Each time she looked into the tiny faces lying side by side on the settee, she saw Guy Hunter. He was there in their eyes, in the shape of their tiny noses, the rose-red pinkness of their mouths. She wondered how he was. Had he too been captured at the fall of Singapore? And what about his wife and children? Despite his deceit, she hoped that both Guy and his family were safe. These were not times to hold grudges against past wrongs. Life goes on.
John, Harry and Patrick had all returned to where they were needed. It was left to the women to move the few bits of furniture out of the ruined pawn shop and back into the flat above the Red Cross shop. The bed and other heavier things would have to be moved later, with help from Jack Kitson from the Lord Nelson and the one-legged window-cleaner who’d been at Dunkirk.

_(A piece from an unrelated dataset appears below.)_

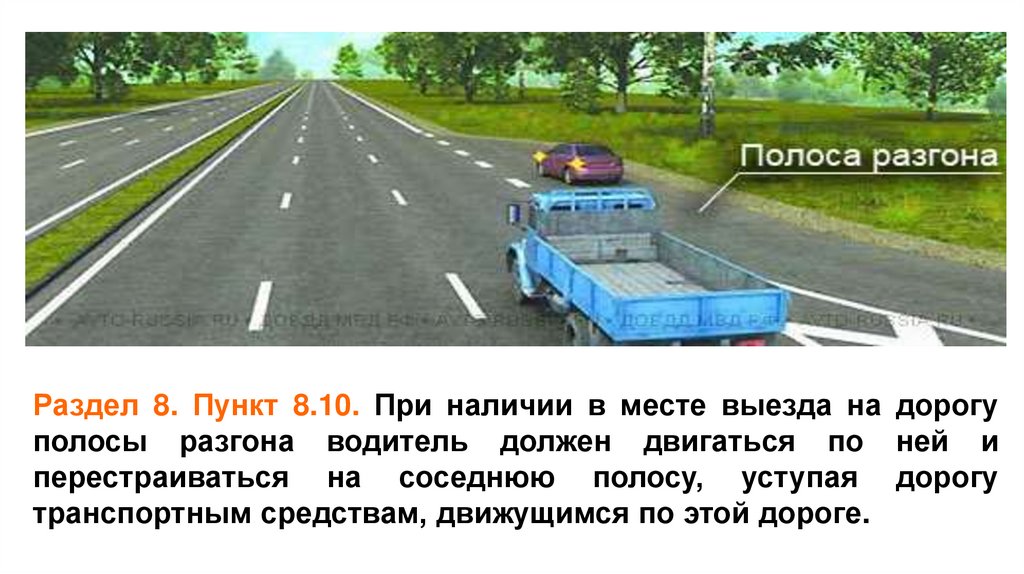 Раздел 8. Пункт 8.10. При наличии в месте выезда на дорогуполосы разгона водитель должен двигаться по ней и
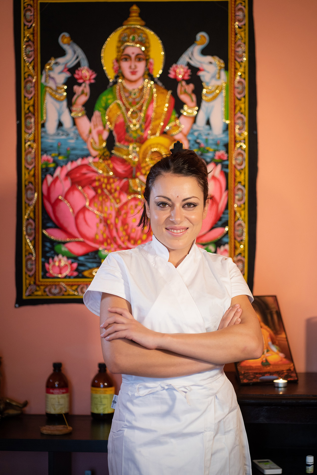 Decido, per la mia natura di ballerina classica e quindi di perfezionista, di spingermi all’estero, dove studio il Thai tradizionale alla Wat Pho Thai Traditional Massage School a Bangkok in Thailandia e in India a sud del Kerala, dove mi immergo nell’antica scienza dell’Ayurveda e trovando in essa la mia massima espressione, e dove durante una consulenza di astrologia vedica vengo a conoscenza dei miei legami karmici con la figura della devadasi, “la Bayadere” interpretata non a caso al mio diploma di danza classica, questo mi lega all’India ancora di più.

‘It’s the least I could do after what happened to Henry,’ Jack had said.
Mary Anne looked back at the tree still growing in the back yard despite the black soot staining its bark.
She welled up at the thought of leaving. Even though it was broken and burned, it was hard to close the door on the old place. It was too special, almost sacred, the place where she and Michael had found love.
Tonight would be her first night back in the flat. Stanley’s single bed had already been taken over there. That’s where she would sleep tonight, and yet when she finally lay in it, sleep wouldn’t come.
Drawing back the curtains revealed a clear sky heavy with stars. Gunfire sounded from faraway Purdown, courtesy of a gun nicknamed Purdown Percy by the local population. Searchlights pierced the night of stars, their arcs of light tracing small, black silhouettes moving like bugs across a counterpane.
The promise of spring mixed with the cloying stench of cordite. There would be other raids, other nights of stars, but tonight somehow felt special. She had moved on. The future was hers, the past consigned to the prospect of nightmares she hoped would never come.
Pulling a skirt on over her nightdress and a coat on top of that, she found her shoes and crept down the stairs and through the shop.
The clothes hanging on rails loomed in dark battalions, like soldiers standing to attention, saluting at her passing.
Her footsteps led her across the road, down the alley and into the back yard of the ruined pawn shop. The first buds of spring nodded at her as she made for the door. It was unlocked, the hinges having shifted and making locking it difficult.
She entered the building accompanied by a feeling of nostalgia for everything it represented. It was her symbol of freedom, a torch in her darkest hours.
Memories of that first time came flooding back. She’d been beaten and injured, the child she’d been bearing aborted and bleeding. Michael had rescued her. Michael had made her whole again.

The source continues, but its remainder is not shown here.